RECORDS PROVIDED section start
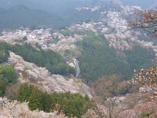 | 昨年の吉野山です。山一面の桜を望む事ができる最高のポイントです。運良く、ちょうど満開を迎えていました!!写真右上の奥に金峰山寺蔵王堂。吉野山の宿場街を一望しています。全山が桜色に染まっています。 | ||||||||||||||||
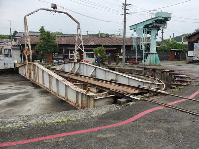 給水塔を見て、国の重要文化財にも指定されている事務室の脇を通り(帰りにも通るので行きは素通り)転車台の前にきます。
RECORDS PROVIDED section end
RECORDS PROVIDED section start
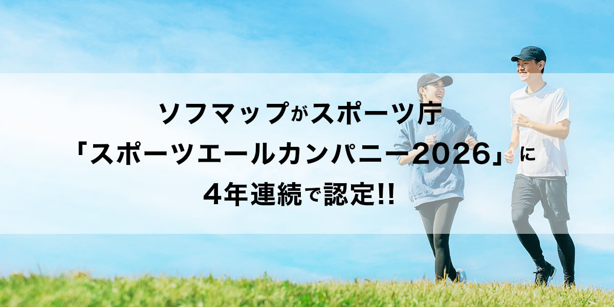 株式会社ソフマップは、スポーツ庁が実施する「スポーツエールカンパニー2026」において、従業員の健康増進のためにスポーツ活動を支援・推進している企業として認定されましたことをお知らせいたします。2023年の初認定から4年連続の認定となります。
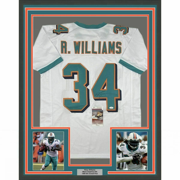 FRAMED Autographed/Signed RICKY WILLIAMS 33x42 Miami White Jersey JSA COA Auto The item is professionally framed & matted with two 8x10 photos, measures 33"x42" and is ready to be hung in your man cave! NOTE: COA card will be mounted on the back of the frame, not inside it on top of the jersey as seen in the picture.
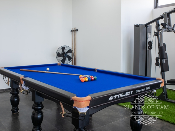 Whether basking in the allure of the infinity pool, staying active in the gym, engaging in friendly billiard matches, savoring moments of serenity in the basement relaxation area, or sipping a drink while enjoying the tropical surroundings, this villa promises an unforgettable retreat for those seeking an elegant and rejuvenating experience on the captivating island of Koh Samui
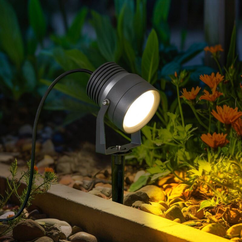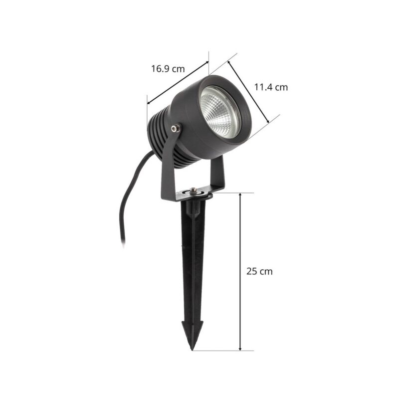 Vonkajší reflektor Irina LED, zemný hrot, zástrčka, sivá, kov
RECORDS PROVIDED section end
# [INSTRUCTIONS FOR THE TASK]
What you return from the records above should be exactly everything from the line with "Whether basking in" down to the line with "Vonkajší reflektor Irina", both kept, and no pictures.

# [WRITTEN SOLUTION]
 Whether basking in the allure of the infinity pool, staying active in the gym, engaging in friendly billiard matches, savoring moments of serenity in the basement relaxation area, or sipping a drink while enjoying the tropical surroundings, this villa promises an unforgettable retreat for those seeking an elegant and rejuvenating experience on the captivating island of Koh Samui
 Vonkajší reflektor Irina LED, zemný hrot, zástrčka, sivá, kov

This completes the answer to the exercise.